This was the most energetic light ever recorded from such an event

Jun 12, 2012 07:31 GMT  ·  By
Back in March, the Sun temporarily became the brightest gamma-ray source in the night sky
   Back in March, the Sun temporarily became the brightest gamma-ray source in the night sky

According to officials at NASA, the Fermi Gamma-ray Space Telescope has recently been able to observe the most energetic light ever produced by a solar flare. The event, which took place on March 7, demonstrates that the observatory can indeed be used to study the Sun, as some proposed.

This spring's blast was very powerful, so much so that it was able to produce an extremely intense burst of photons that nearly overwhelmed the telescope's detectors. In addition to being very mysterious, solar outbursts also have the potential to reveal more insights into how the Sun functions.

Each flare releases vast amounts of light (at multiple wavelengths) and charged particles. In some instances, the ejecta plume may be headed on a collision course with Earth. The March 7 event was cataloged as a X5.4-class, one of the strongest possible on a star the size of the Sun.

According to astronomers, the flare released massive amounts of gamma rays, a type of light that is more energetic than X-rays. In fact, the Sun produced so much of these radiations that it briefly became the most luminous object in the sky at gamma-ray wavelengths.

This was, without a doubt, the most intense explosion ever detected by the satellite's Large Area Telescope (LAT). Fermi launched to space on June 11, 2008, and this was the most intense flare it observed since then.

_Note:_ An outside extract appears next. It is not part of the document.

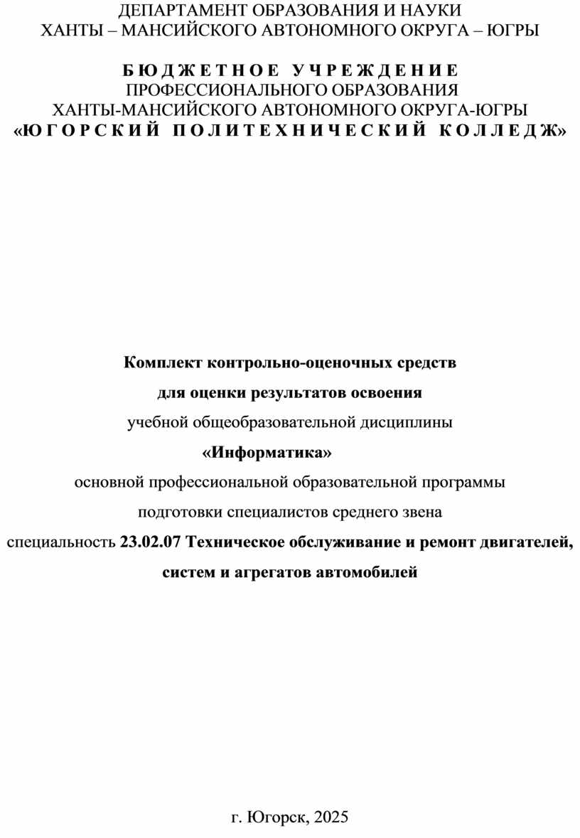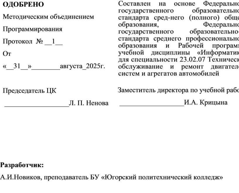 Составлен на основе Федерального государственного образовательного стандарта сред-него (полного) общего образования, Федерального государственного образовательно-го стандарта среднего профессионального образования и Рабочей программы учебной дисциплины «Информатика» для специальности 23.02.07 Техническое обслуживание и ремонт двигателей, систем и агрегатов автомобилей

“For most of Fermi's four years in orbit, its LAT saw the sun as a faint, steady gamma-ray source thanks to the impacts of high-speed particles called cosmic rays,” researcher Nicola Omodei explains.

“Now we're beginning to see what the Sun itself can do,” adds the investigator, who holds an appointment as an astrophysicist at the Stanford University, in California.

She presented the findings to colleagues gathered at the 220th meeting of the American Astronomical Society, which was held on June 11, in Anchorage, Alaska. LAT, Omodei adds, was able to detect gamma rays with two billion times the energy of visible light.

This energy level, of around four billion electron volts (GeV), is around 1,000 times greater than what the Sun usually produces. In addition, the emissions lasted for about 20 hours, which is significantly longer than any similar event on record.

“Merged with available theoretical models, Fermi observations will give us the ability to reconstruct the energies and types of particles that interact with the sun during flares, an understanding that will open up whole new avenues in solar research,” University of Maryland in College Park astrophysicist Gerald Share concludes.